The Saint-Sulpice Seminary () is a Catholic seminary run by the Society of the Priests of Saint Sulpice, located in Issy-les-Moulineaux, France.

History 
The Saint-Sulpice Seminary was established in 1641 in the village of Vaugirard (now part of Paris) by Jean-Jacques Olier, the founder of the Society of the Priests of Saint Sulpice. Two other priests, François de Coulet and Jean Du Ferrier, were also instrumental in its founding. When Olier was appointed the pastor of Saint-Sulpice Church in Paris in July or August 1642, he moved the seminary to that parish, where he remained superior of the seminary.

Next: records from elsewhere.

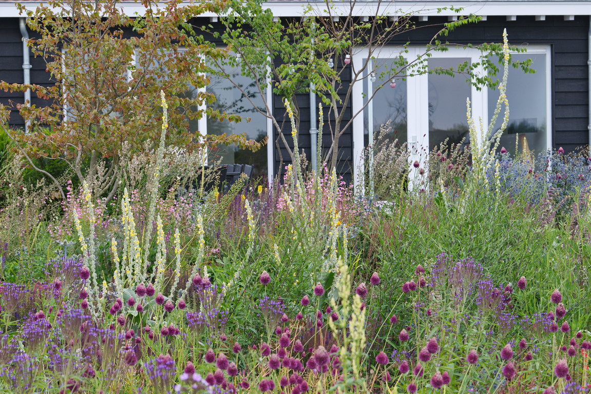 - Allium sphaerocephalon, Eryngium planum, Präriebeet, Verbascum
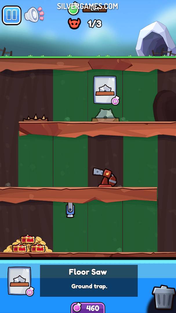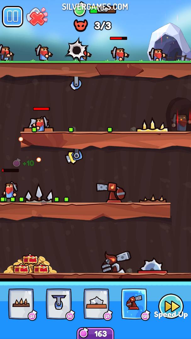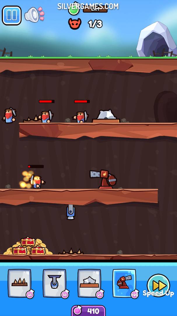 Each trap will cost you some mana, so you will have to be a real strategist to determine which traps to place at each part of the path. You have a wide variety of resources, such as spikes that come out of the ground, spinning saws, motion-sensing guns and more. You can place them along the path and also upgrade them, but the important thing is to manage your mana points well. Have fun playing Gold Miner Tower Defense!
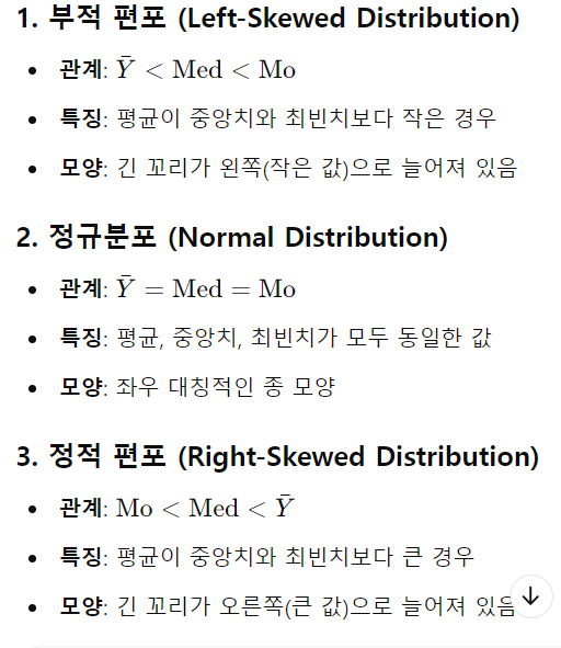 왜도 0 = 정규분포, 왜도 음수이면 부적편포, 양수이면 정적편포

He recruited several priests to teach with him, and adopted a new model for seminaries, in which adults from different areas where brought together for preparation for the priesthood, instead of adolescents who lived nearby. By the following year, the school had a faculty of 30 priests. On 23 October 1645 received its letters patent from the King Louis XIV. The seminary's newly completed building was blessed in 1651; this building would be demolished in 1802.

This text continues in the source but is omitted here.